SOURCE MATERIAL:

- - -

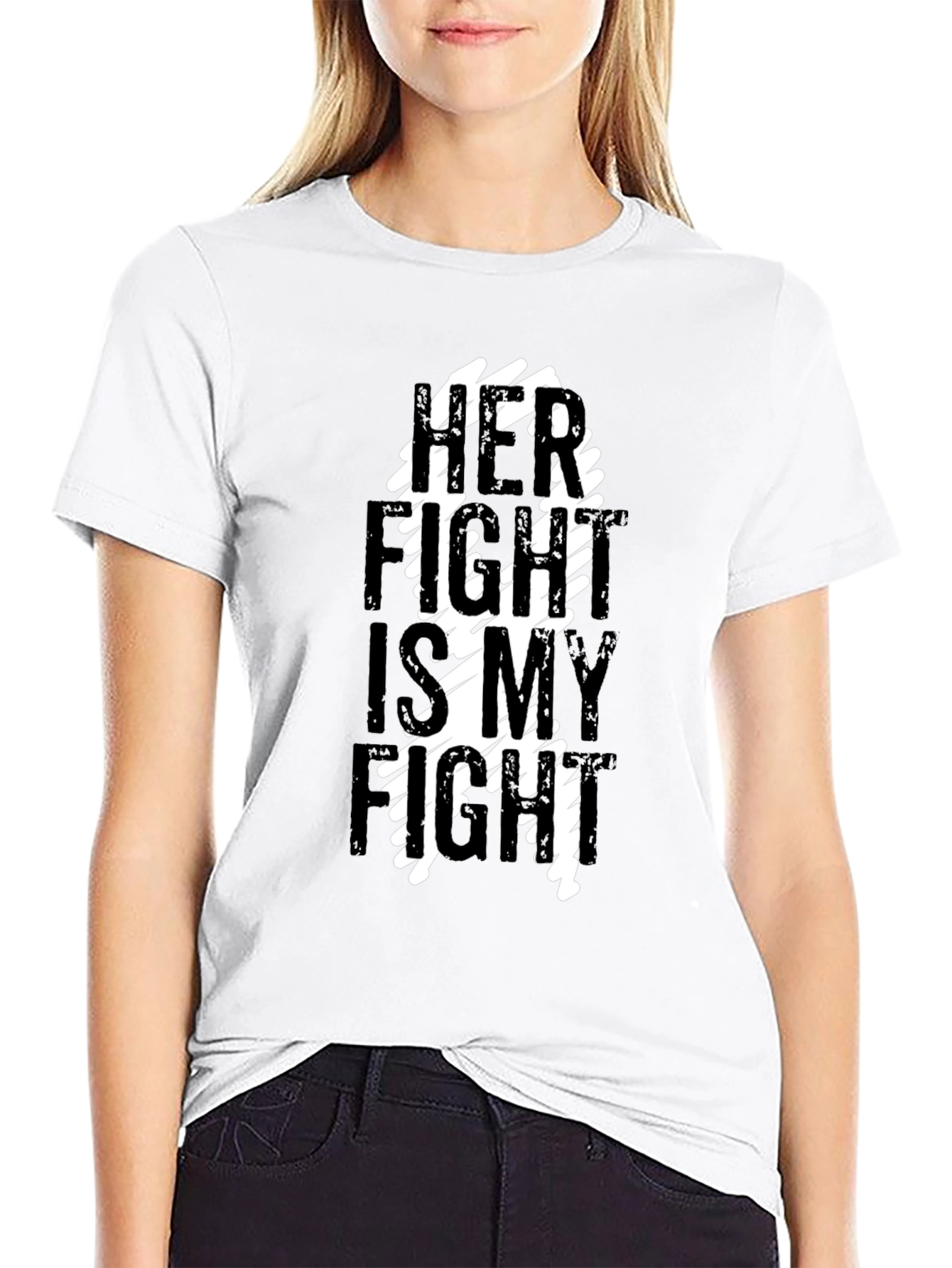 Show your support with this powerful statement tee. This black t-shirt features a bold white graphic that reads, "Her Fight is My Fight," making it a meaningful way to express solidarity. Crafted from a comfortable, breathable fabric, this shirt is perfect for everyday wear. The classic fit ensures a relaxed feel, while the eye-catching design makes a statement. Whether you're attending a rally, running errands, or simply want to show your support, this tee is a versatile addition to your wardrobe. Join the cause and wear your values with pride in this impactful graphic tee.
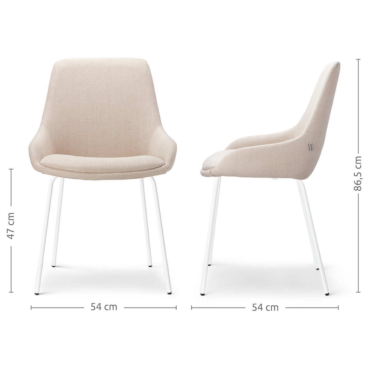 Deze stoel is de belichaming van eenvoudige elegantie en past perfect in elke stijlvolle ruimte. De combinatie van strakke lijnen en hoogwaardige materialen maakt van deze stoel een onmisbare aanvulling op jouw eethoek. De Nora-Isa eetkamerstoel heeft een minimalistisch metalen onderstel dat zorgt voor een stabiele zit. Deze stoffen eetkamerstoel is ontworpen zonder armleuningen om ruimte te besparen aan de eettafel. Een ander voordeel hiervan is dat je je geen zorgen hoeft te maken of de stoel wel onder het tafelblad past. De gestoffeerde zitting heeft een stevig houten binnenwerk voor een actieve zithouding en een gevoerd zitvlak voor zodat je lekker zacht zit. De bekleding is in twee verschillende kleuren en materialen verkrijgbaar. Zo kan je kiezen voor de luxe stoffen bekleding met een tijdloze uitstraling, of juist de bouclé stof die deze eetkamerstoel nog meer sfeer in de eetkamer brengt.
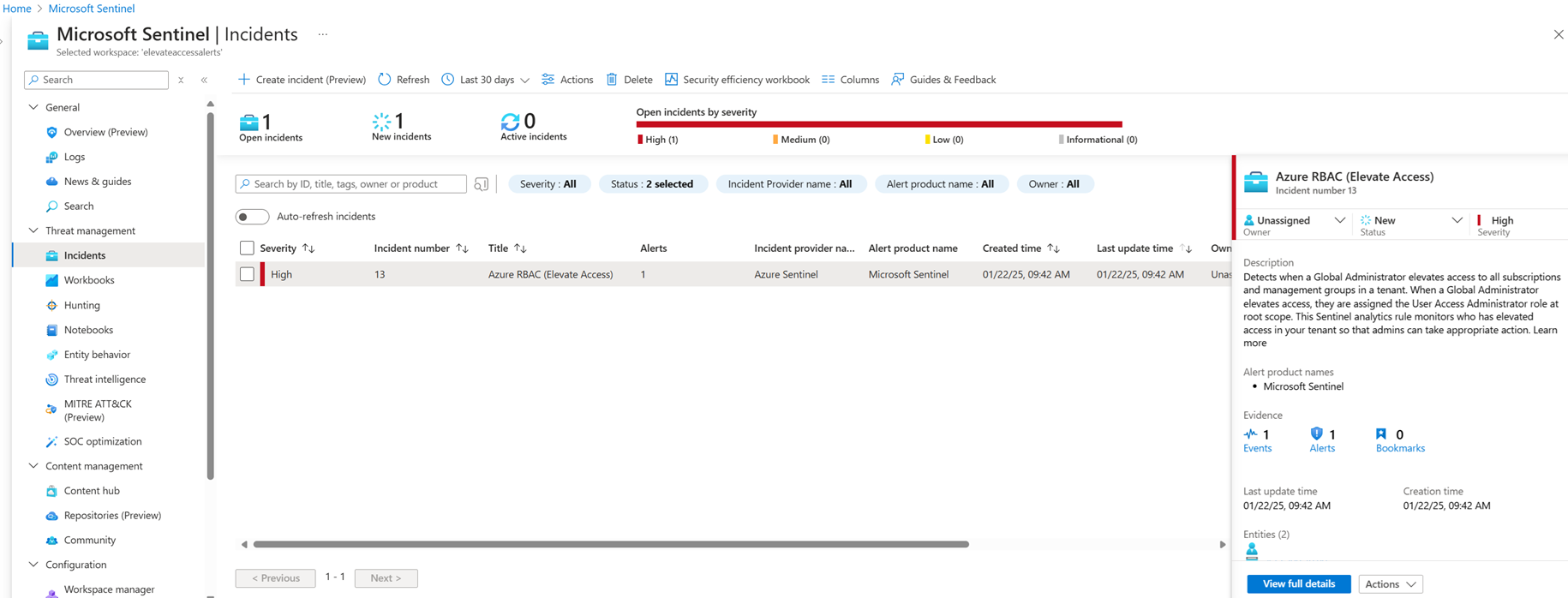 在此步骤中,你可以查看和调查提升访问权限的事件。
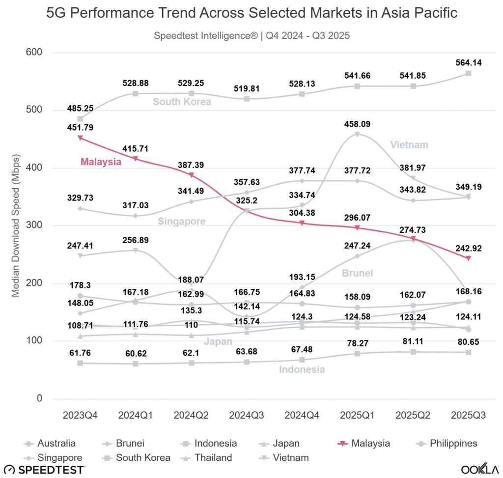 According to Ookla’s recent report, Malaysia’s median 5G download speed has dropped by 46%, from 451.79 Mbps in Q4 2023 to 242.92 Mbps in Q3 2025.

- - -

WHAT TO WORK ON:
After locating the line that contains "在此步骤中,你可以查看和调查提升访问权限的事件。", output it and all later lines through the end of the material exactly, leaving out pictures.

REPLY TO THE TASK:
 在此步骤中,你可以查看和调查提升访问权限的事件。
 According to Ookla’s recent report, Malaysia’s median 5G download speed has dropped by 46%, from 451.79 Mbps in Q4 2023 to 242.92 Mbps in Q3 2025.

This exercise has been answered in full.